### Records from a collection
┄┄┄┄┄┄┄┄┄┄
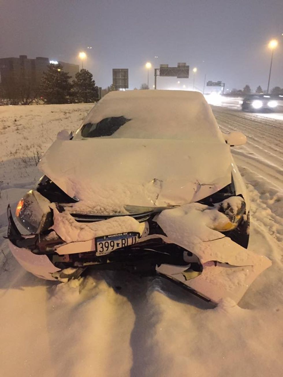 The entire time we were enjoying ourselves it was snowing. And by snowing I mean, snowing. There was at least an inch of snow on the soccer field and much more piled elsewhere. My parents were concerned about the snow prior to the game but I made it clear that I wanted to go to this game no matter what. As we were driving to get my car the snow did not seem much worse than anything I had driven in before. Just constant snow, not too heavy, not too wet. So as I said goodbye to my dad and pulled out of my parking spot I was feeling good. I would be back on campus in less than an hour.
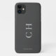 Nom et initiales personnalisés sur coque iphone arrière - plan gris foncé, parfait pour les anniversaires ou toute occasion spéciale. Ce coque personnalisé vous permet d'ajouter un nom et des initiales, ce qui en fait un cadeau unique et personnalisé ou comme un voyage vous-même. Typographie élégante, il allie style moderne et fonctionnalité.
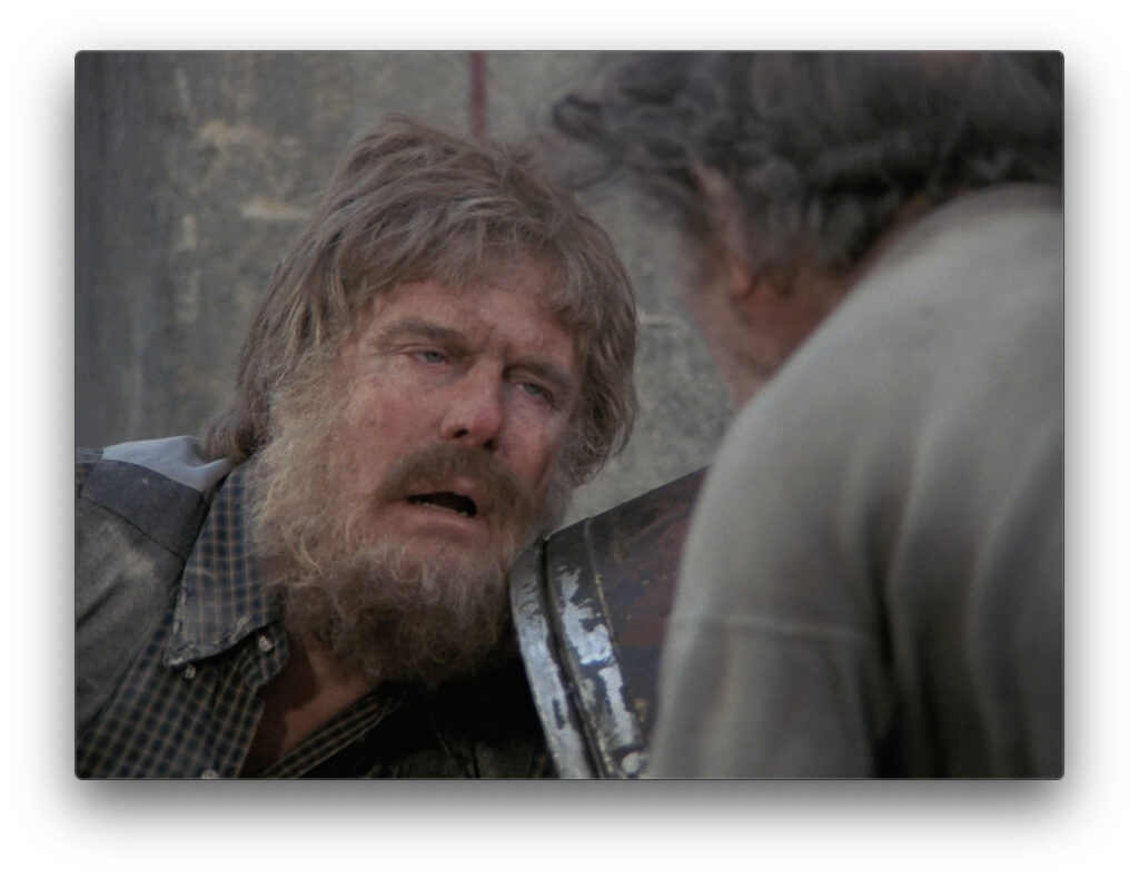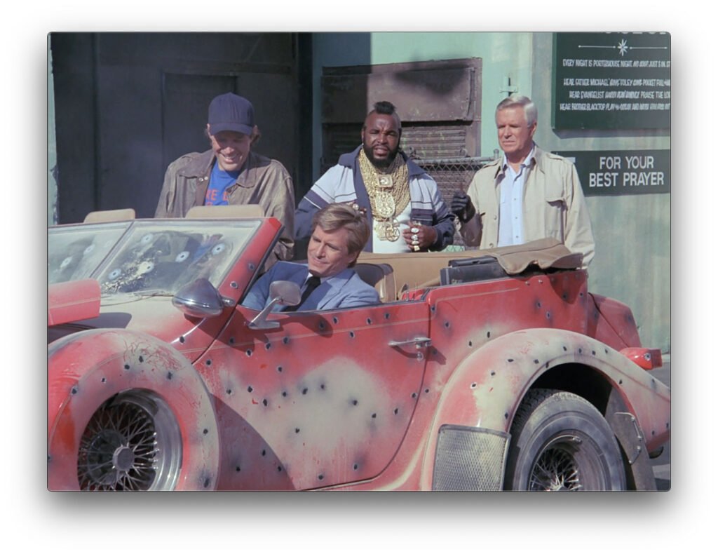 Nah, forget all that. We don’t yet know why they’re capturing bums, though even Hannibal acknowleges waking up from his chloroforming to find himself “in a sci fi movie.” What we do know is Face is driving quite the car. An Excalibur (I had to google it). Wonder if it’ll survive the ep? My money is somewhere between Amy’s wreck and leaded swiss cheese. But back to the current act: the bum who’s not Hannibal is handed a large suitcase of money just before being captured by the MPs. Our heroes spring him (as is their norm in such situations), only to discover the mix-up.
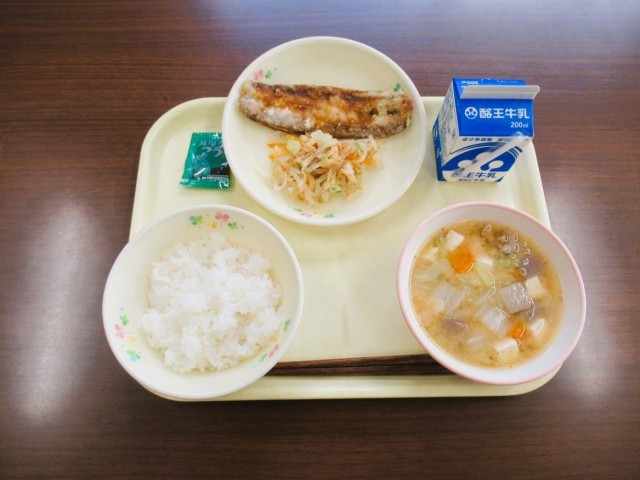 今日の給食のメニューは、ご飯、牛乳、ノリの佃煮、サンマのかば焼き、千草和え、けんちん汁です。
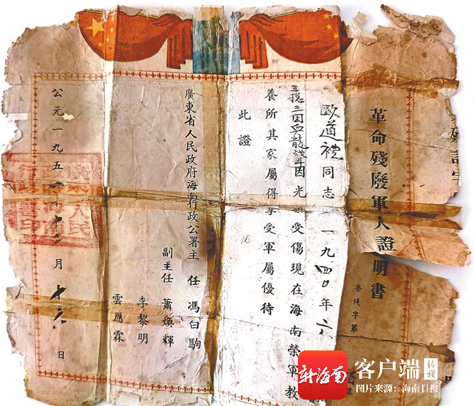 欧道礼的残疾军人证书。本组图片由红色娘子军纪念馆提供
┄┄┄┄┄┄┄┄┄┄
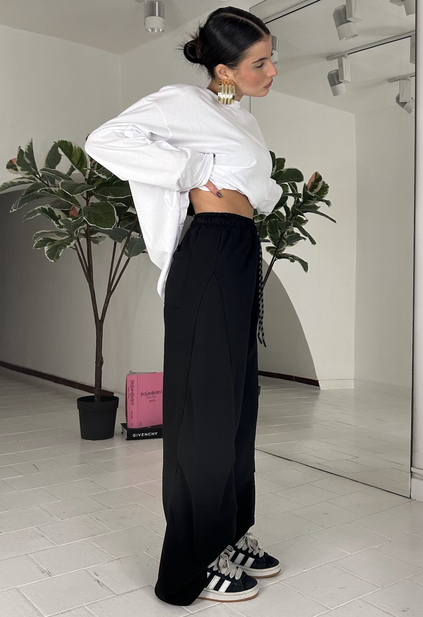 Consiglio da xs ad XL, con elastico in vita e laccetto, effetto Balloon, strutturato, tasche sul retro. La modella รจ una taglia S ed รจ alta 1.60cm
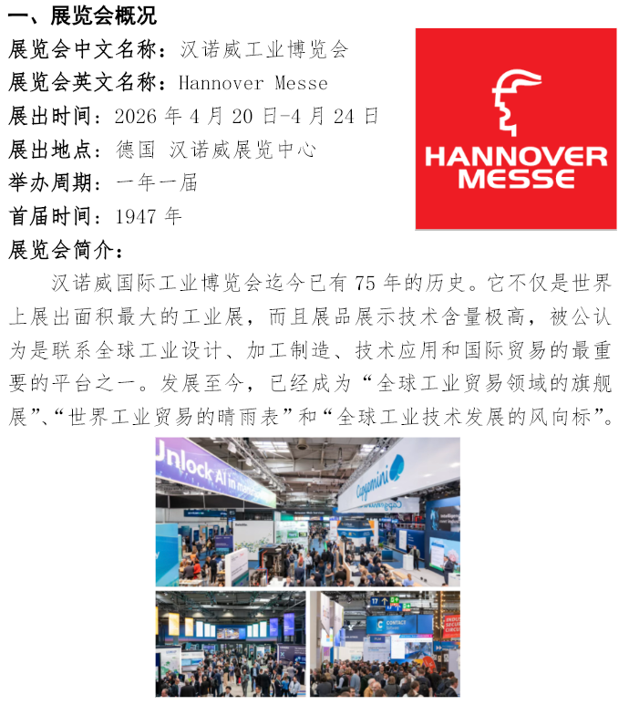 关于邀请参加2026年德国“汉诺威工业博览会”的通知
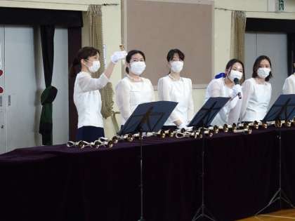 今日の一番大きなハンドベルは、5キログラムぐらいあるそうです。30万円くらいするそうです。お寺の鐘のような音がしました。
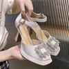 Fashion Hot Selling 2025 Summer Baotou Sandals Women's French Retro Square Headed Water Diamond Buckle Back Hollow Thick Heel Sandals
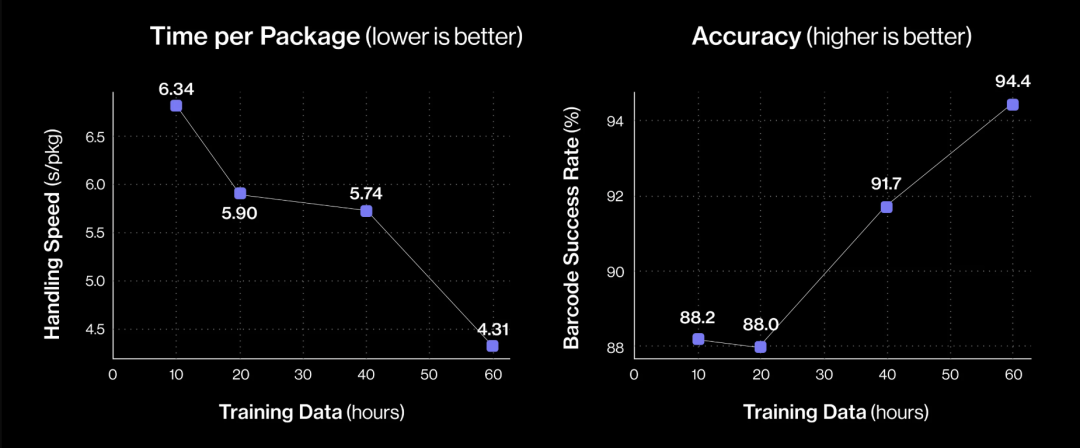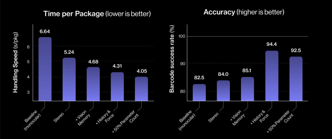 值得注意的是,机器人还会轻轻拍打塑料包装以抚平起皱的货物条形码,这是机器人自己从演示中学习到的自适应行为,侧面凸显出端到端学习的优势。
┄┄┄┄┄┄┄┄┄┄
### Instructions to follow
Copy nothing but the lines above from the one with "Fashion Hot Selling" to the one with "值得注意的是,机器人还会轻轻", inclusive, word for word. Leave every picture out.

### Response
 Fashion Hot Selling 2025 Summer Baotou Sandals Women's French Retro Square Headed Water Diamond Buckle Back Hollow Thick Heel Sandals
 值得注意的是,机器人还会轻轻拍打塑料包装以抚平起皱的货物条形码,这是机器人自己从演示中学习到的自适应行为,侧面凸显出端到端学习的优势。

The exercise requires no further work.